Anyone have any experience with one ? My little one is 6 months old and sitting up well now no want to get a trailer sorted asap for any good weather we might get  This is the only one I've seen that I fancy.

It'll only be used on bridal paths and path's as the O/H is not keen on the roads !  Need to work up to it


----------



## XRHYSX (9 Apr 2013)

it doesn't look much different to mine




I've had mine over five years now, and on the third child it's still going strong, me and the wife pull it (both bikes have hitches) we use it on the road (cars seem to give us a wide berth) cycle paths and its even done a bit of off-road the kids thought this was absolutely hilarious, used it for shopping a few times too


----------



## Bigbud (9 Apr 2013)

Looks awesome can't wait  how old were you little one's when they first went in ?


----------



## XRHYSX (9 Apr 2013)

The first two were 18 months and 2.5yrs, both went in together up until about 3 and 4,
then the three year old went into a rear carrier whilst the 4 yr old stayed in the trailer.
The third sprog has been using the trailer since he was about 8 months,
I also have a Weeride, highly recommend looking in to these,
I prefer it over the rear carrier (which is now gathering dust in the roof space) I got mine off fleebay for £60


----------



## ianrauk (9 Apr 2013)

6 months old may be a little too young.
Best not put them in a trailer until they can hold their heads up for a long period of time.
My boy was about 8 or 9 months old on his maiden voyage.

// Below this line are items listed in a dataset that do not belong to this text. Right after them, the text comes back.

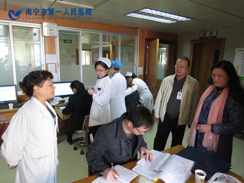 2014年12月23日下午,由市卫生计生委妇幼健康服务科科长钟喜红等组成的南宁市卫生计生委专家组,到埌东分院进行妇幼健康服务项目年终检查。分院颜冰院长、刘姿副院长、唐曼雪副院长、总院医务部副主任黄颀以及相关科室负责人陪同检查。专家组分别到产科门诊、病房、预防保健科等科室对出生医学证明管理、产前筛查和新生儿疾病筛查补助项目、听力筛查补助项目、地贫防控项目、增补叶酸预防神经管缺陷项目、预防艾滋病、梅毒及乙肝母婴传播、免费婚前医学检查及产科质量等工作进行了详细认真地检查。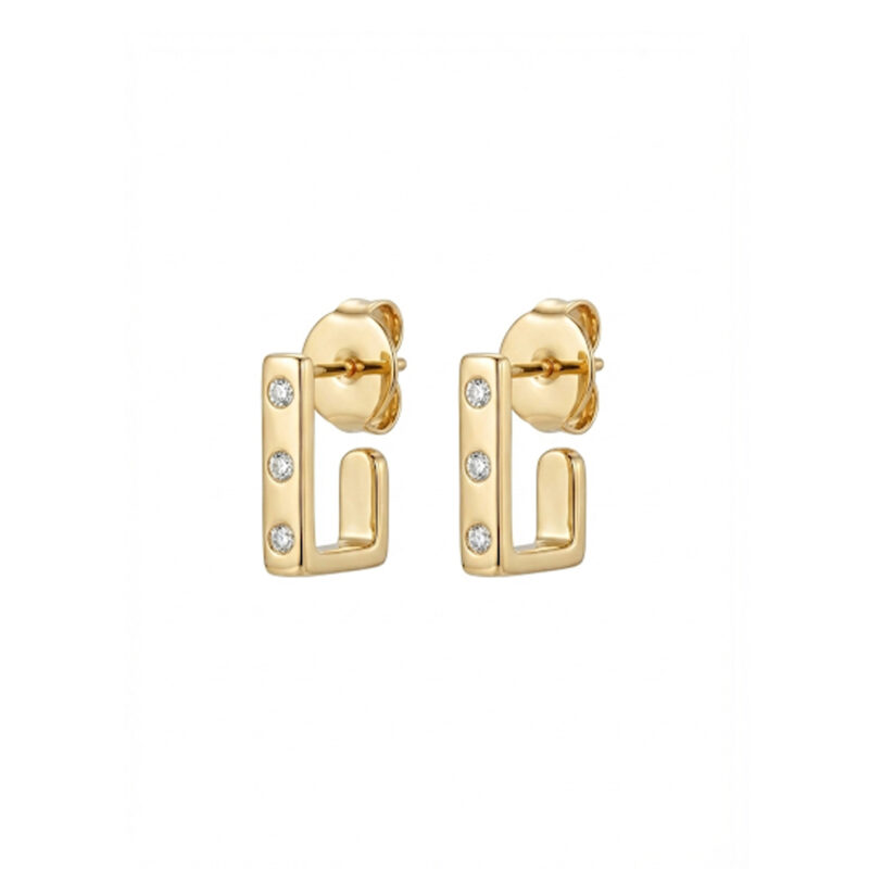 Brinco Meia Argola Quadrada Cravejado Banhado em Ouro 18k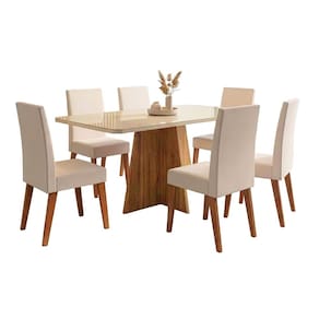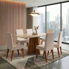 O conjunto de mesa Anjos com 6 cadeiras Milano é ideal para quem busca unir elegância, conforto e funcionalidade na sala de jantar. A mesa conta com tampo em MDF com vidro colado na superfície, trazendo um visual moderno e fácil de limpar, além de uma base resistente que garante estabilidade e sofisticação ao ambiente. As cadeiras Milano são estofadas, oferecendo conforto para o uso diário, e possuem estrutura em madeira maciça, assegurando alta durabilidade, resistência e um acabamento refinado. Um conjunto harmonioso, perfeito para criar um espaço acolhedor e cheio de estilo.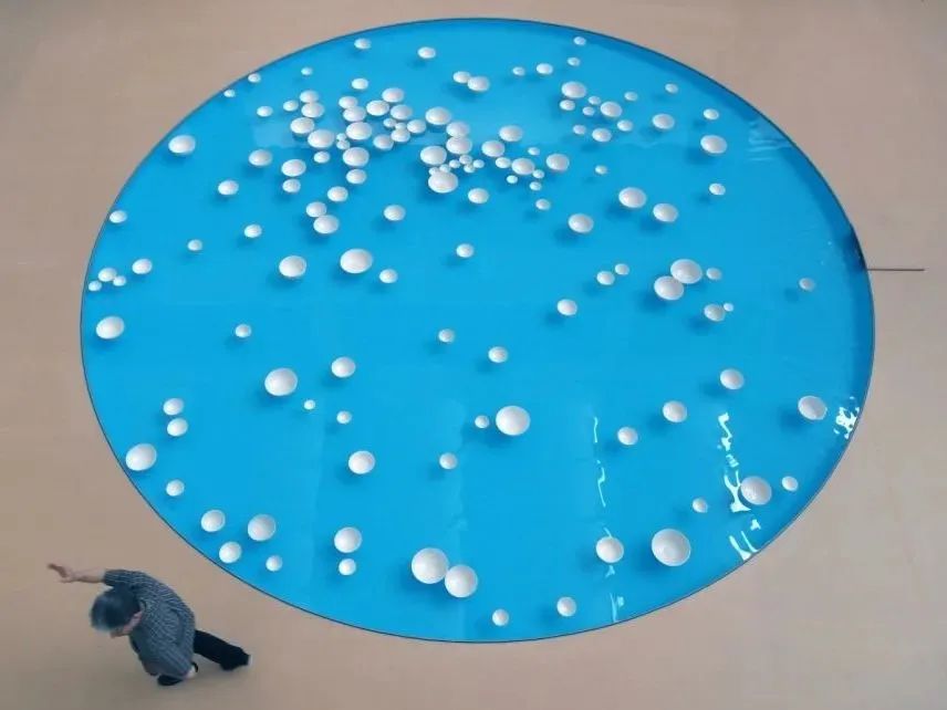 这件作品名为《微偏v3》(Clinamen.3),是法国艺术家 Celeste Boursier-Mougenot 创造,将数百个圆润饱满、晶莹白透的瓷碗,以大小高低各不相同的姿态漂浮在蓝色水池中。随着池水的循环流动更迭,瓷碗在其中轻轻地游动、旋转、漂流,并在与其它瓷碗轻轻碰撞时,发出清脆温柔的响声。在空旷的美术馆里,回声阵阵,如天籁一般空灵。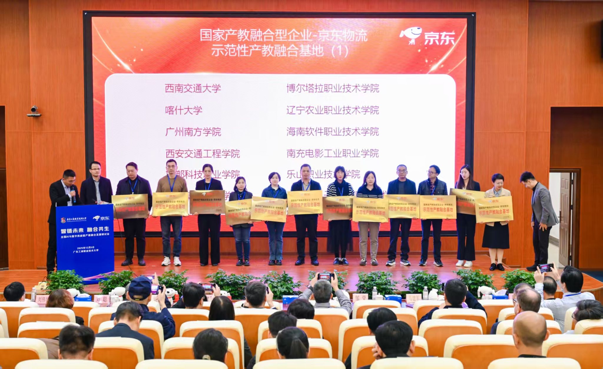 12月5日,由全国智能供应链产教融合共同体、京东集团联合主办的“AI与数字供应链产教融合发展研讨会”在广东工商职业技术大学顺利举行。学校京东数字商务产业学院被授予国家级产教融合型企业-京东物流“示范性产教融合基地”。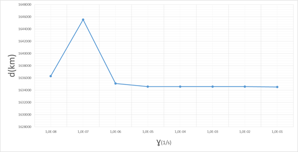 In this case, we found that the optimal angle was 180 degrees. With this pair of optimal angles, we can test the best value of the thruster initial velocity module to achieve the final greatest distance between the NEO and the Earth. Figure 6 shows the result.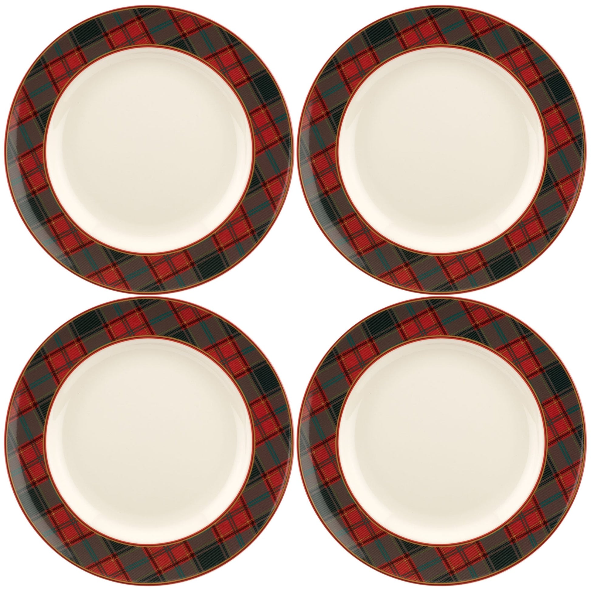 - Ensemble de (4) assiettes plates Spode de 10,5 pouces à motif tartan et sapin de Noël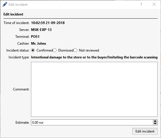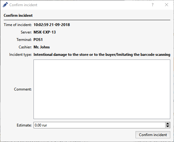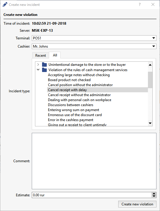 - Create new violation - This is an advanced version of confirming the incident. It lets you change the incident type, cashier name, and incident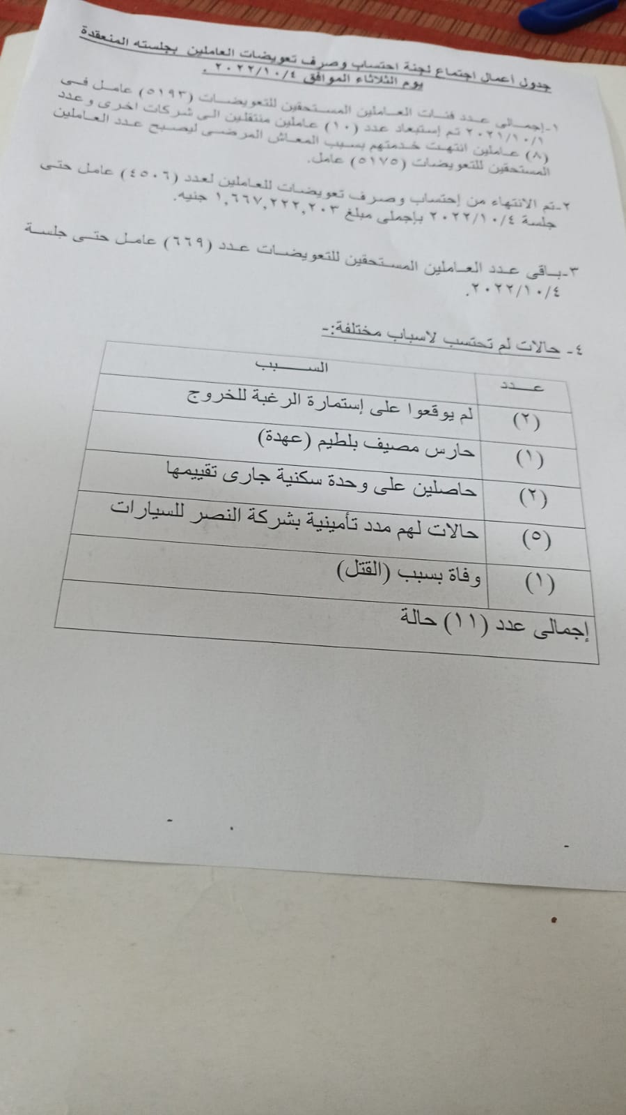 وفي هذا السياق، قال جمال عبد المولي، عضو النقابة العامة للصناعات الهندسية والمعدنية، وعضو لجنة صرف التعويضات، لـ القاهرة 24، إنه تم صرف والانتهاء من احتساب تعويضات للعاملين لعدد 4506 عمال هذا الأسبوع وذلك بأجمالي مبلغ بقدر بنحو 1.667.222.203 جنيه.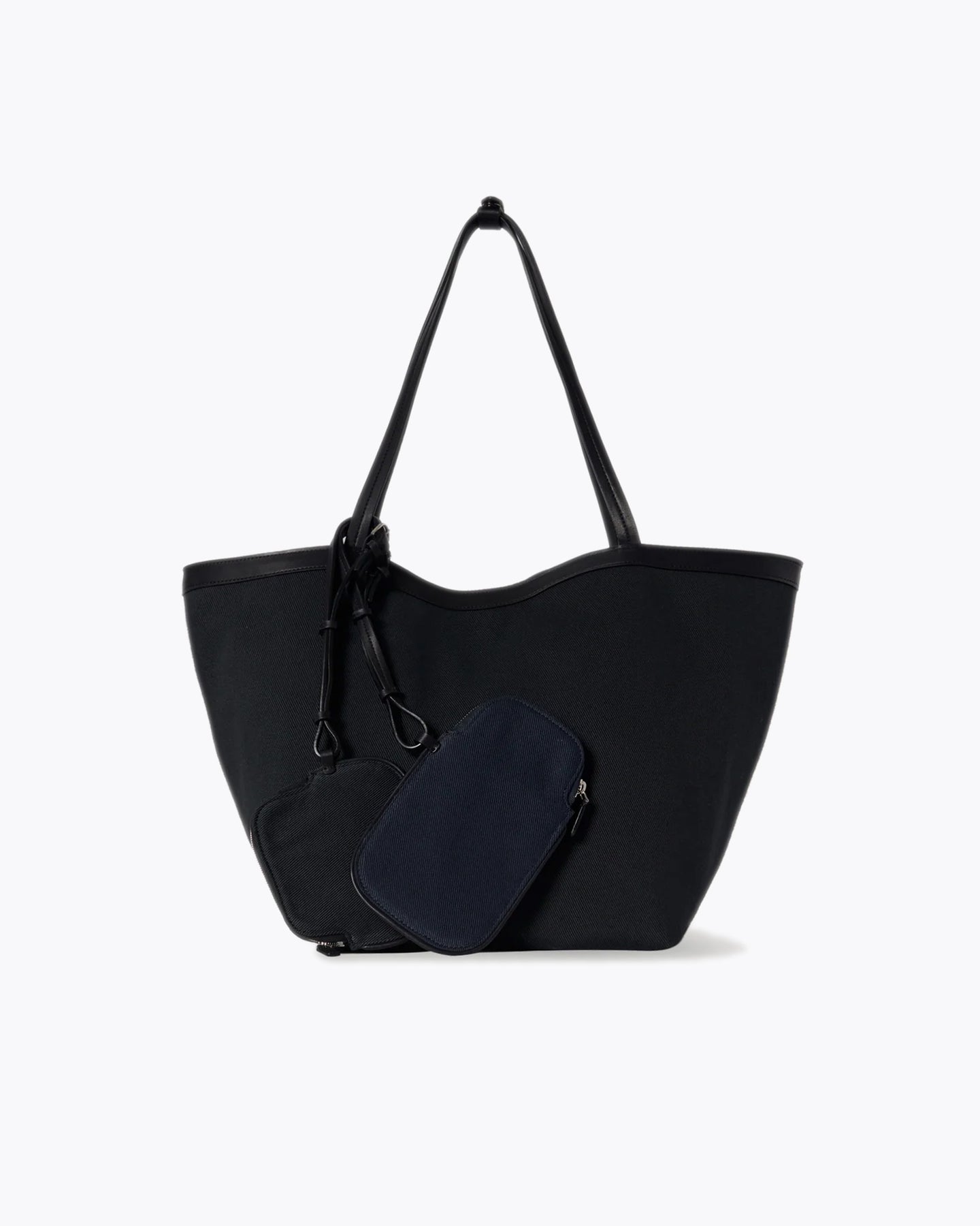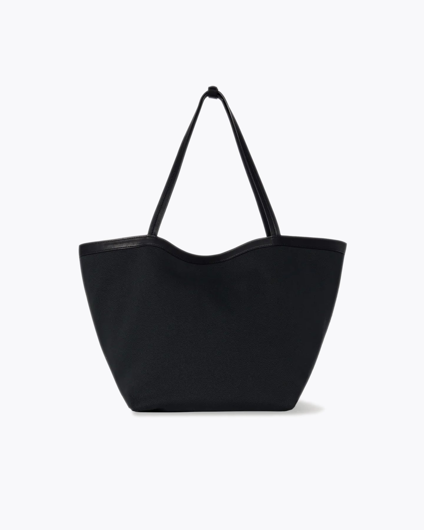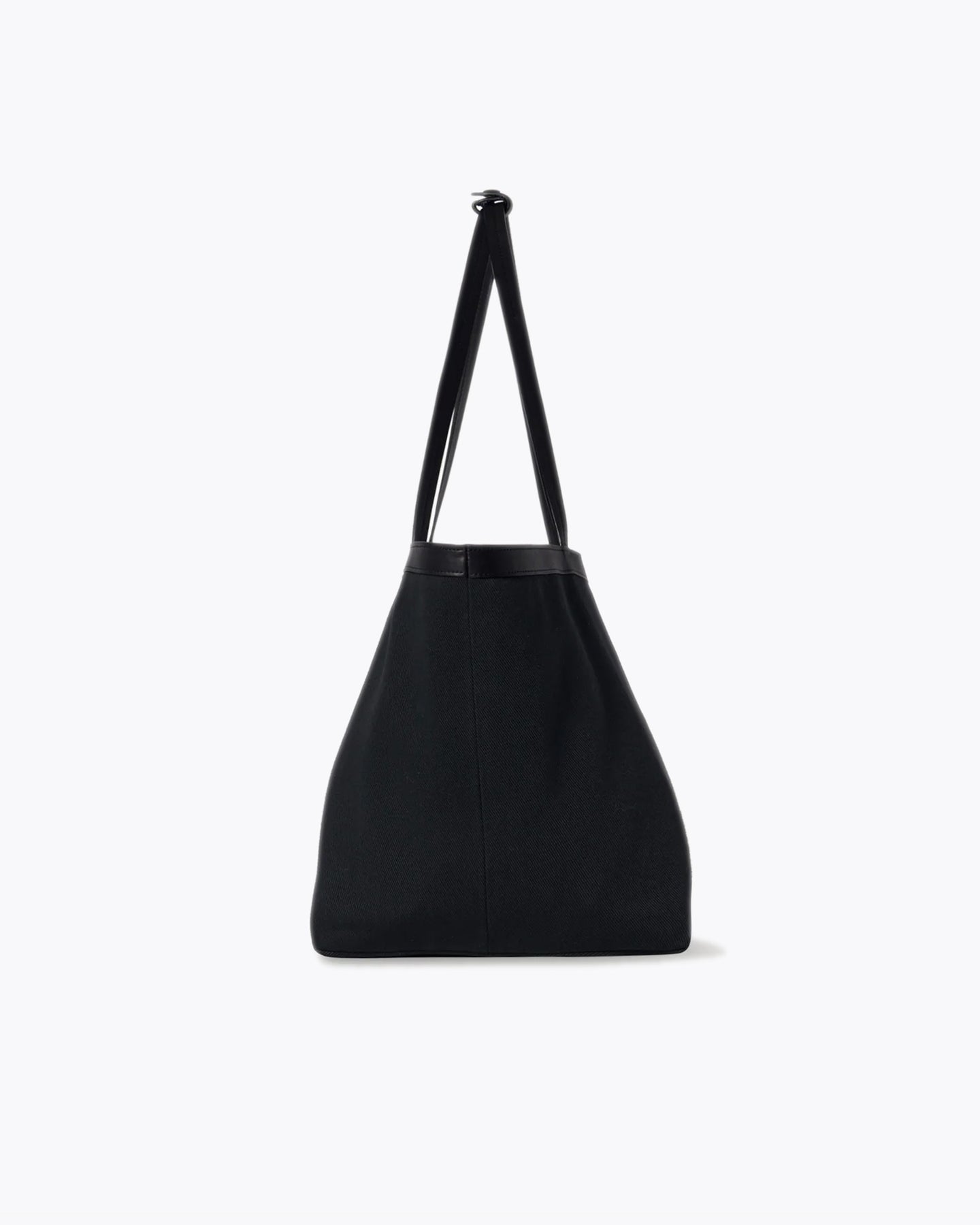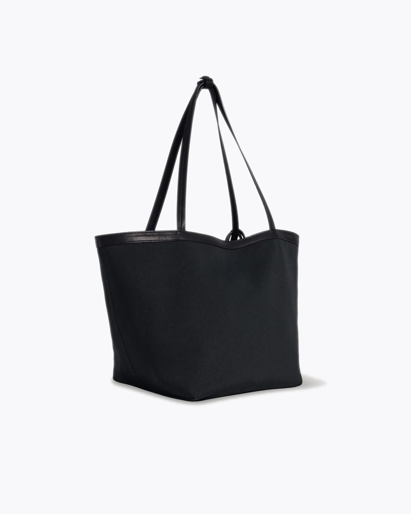 The Row Park Tote Three Canvas in black features a classic tote bag silhouette in a heavyweight canvas fabrication. Details include interior toggle closure and coordinating wristlet with adjustable strap.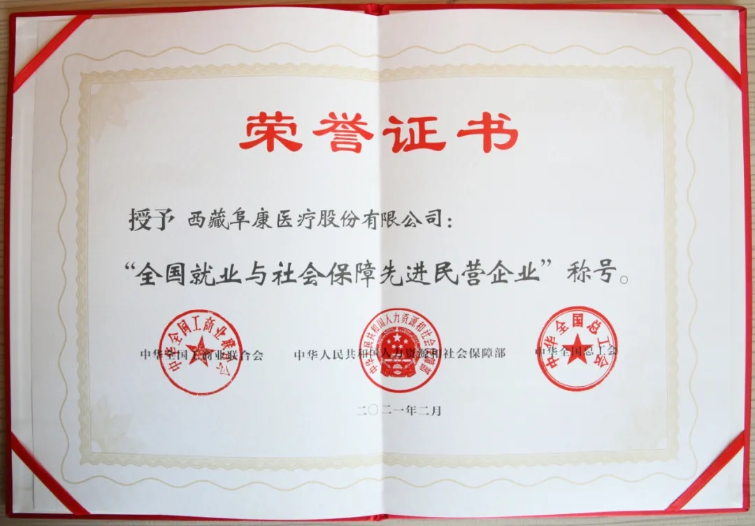 近日,中华全国工商业联合会、中华人民共和国人力资源和社会保障部、中华全国总工会联合表彰一批全国就业与社会保障先进民营企业,西藏阜康医疗股份有限公司榜上有名,成为西藏自治区唯一一家获此殊荣的民营企业。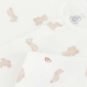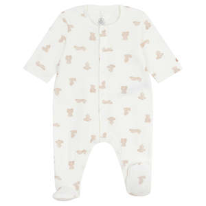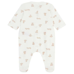 Jersey knit baby sleepwear jumpsuit with an all-over brown bear print. Features enclosed feet, long sleeves, and snap closure down the front and between the legs. 100% Cotton. Machine wash up to 30C. Do not tumble dry, bleach, or dry clean. Style code: A0DRM01.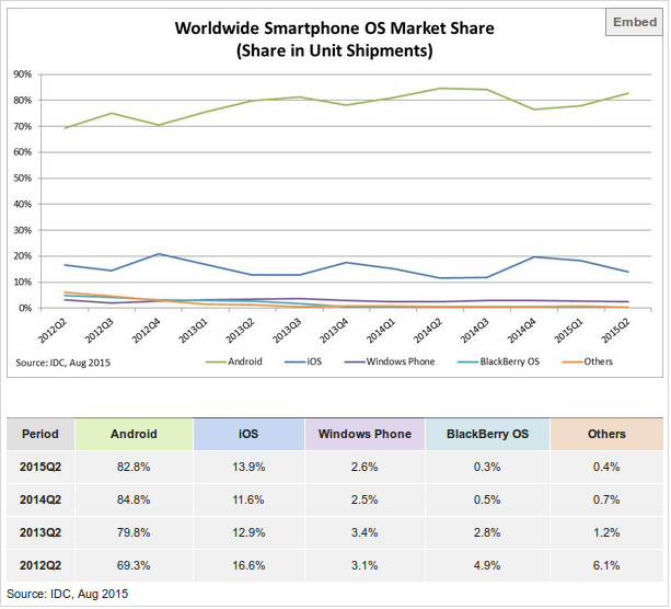 | Relatoriu Husi IDC – Smartphone OS Market Share 2015 |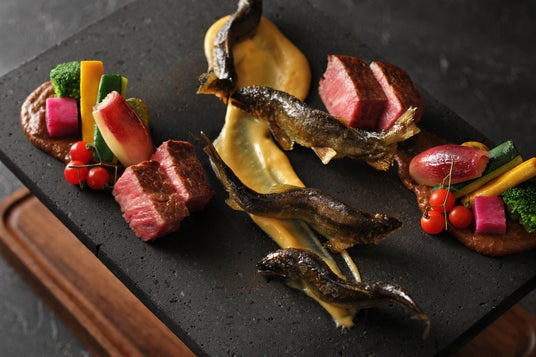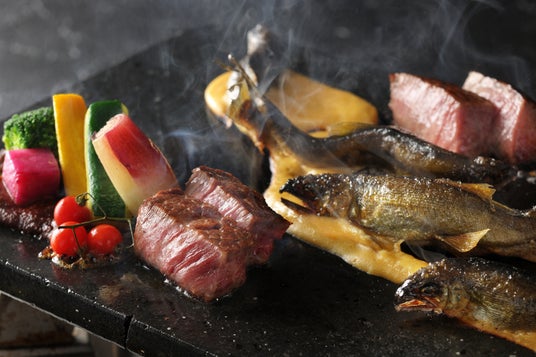 栃木県一部エリアで親しまれてきた河原石の上で調理する「石焼き」から着想を得た調理法で、最後、お客様の目の前で鮎を石焼き調理します。石の上には白玉味噌と赤玉味噌の2種類の味噌をのせ、その上でそれぞれ鮎や牛肉、季節の野菜をのせて焼きます。たちまち立てのぼる味噌の香ばしい香りに食欲をそそられる瞬間です。また、2種類の味噌それぞれに、大豆をすりつぶした「すったて」を混ぜ合わせることで、味噌本来の塩分を抑え、鮎の繊細な味を邪魔しない柔らかな味わいとなります。
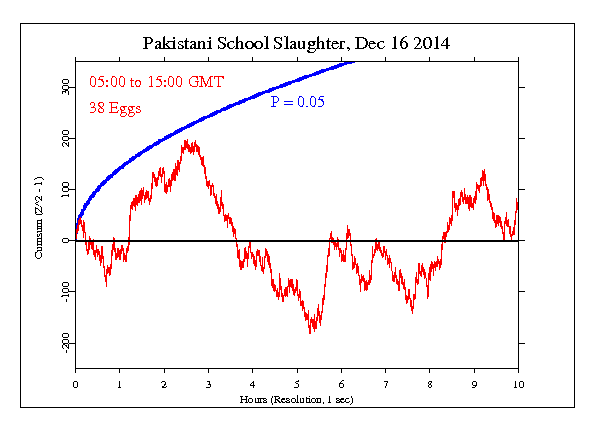 The GCP hypothesis was set for 10 hours beginning just before the attack at 05:00 GMT, ending at 15:00. The result is Chisquare 36070 on 36000 df for p = 0.396 and Z = 0.263.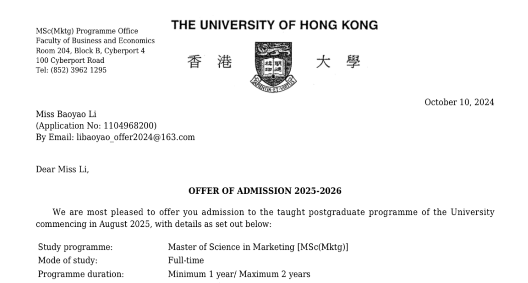 本科专业×硕士项目精准对接!市场营销管理2025届陈炣、李宝瑶双星闪耀,斩获香港大学市场营销学硕士提前批双录取!她们的成长路径,为市场营销学子提供了怎样的启示?快来一探究竟!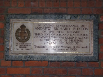 He has a memorial in St Andrews Church and also in the Parish Hall, where above one of the doors you will see an inscription stating that the hall is in his memory. There is a biography of him written in 1918 called “Andrew R Buxton, the Rifle Brigade, a memoir,” and the whole book is available to be read on the internet.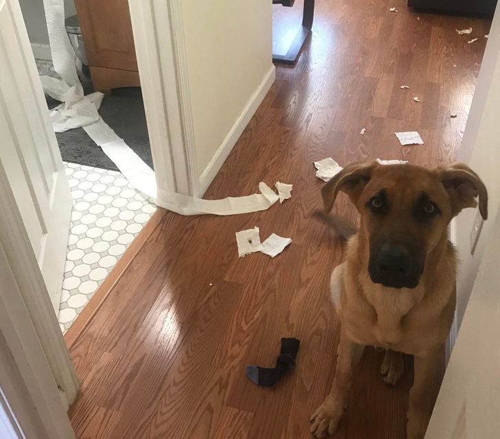 «Мой щенок обнаружил носки и туалетную бумагу»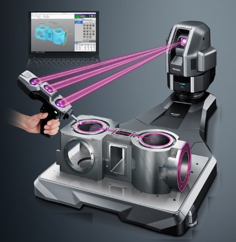 Cette machine 3D est équipée d'une sonde portative guidée par la réalité augmentée, ce qui la rend unique contrairement aux colonnes de mesure 3D et MMT traditionnelles. Facile à utiliser, elle offre une grande souplesse permettant de mesurer tous types de pièces.

*Here's* a thread about my littl'un and his trailer.


----------



## Sara_H (9 Apr 2013)

ianrauk said:


> 6 months old may be a little too young.
> Best not put them in a trailer until they can hold their heads up for a long period of time.
> My boy was about 8 or 9 months old on his maiden voyage.
> 
> *Here's* a thread about my littl'un and his trailer.


I read that you can put them in in a car seat?


----------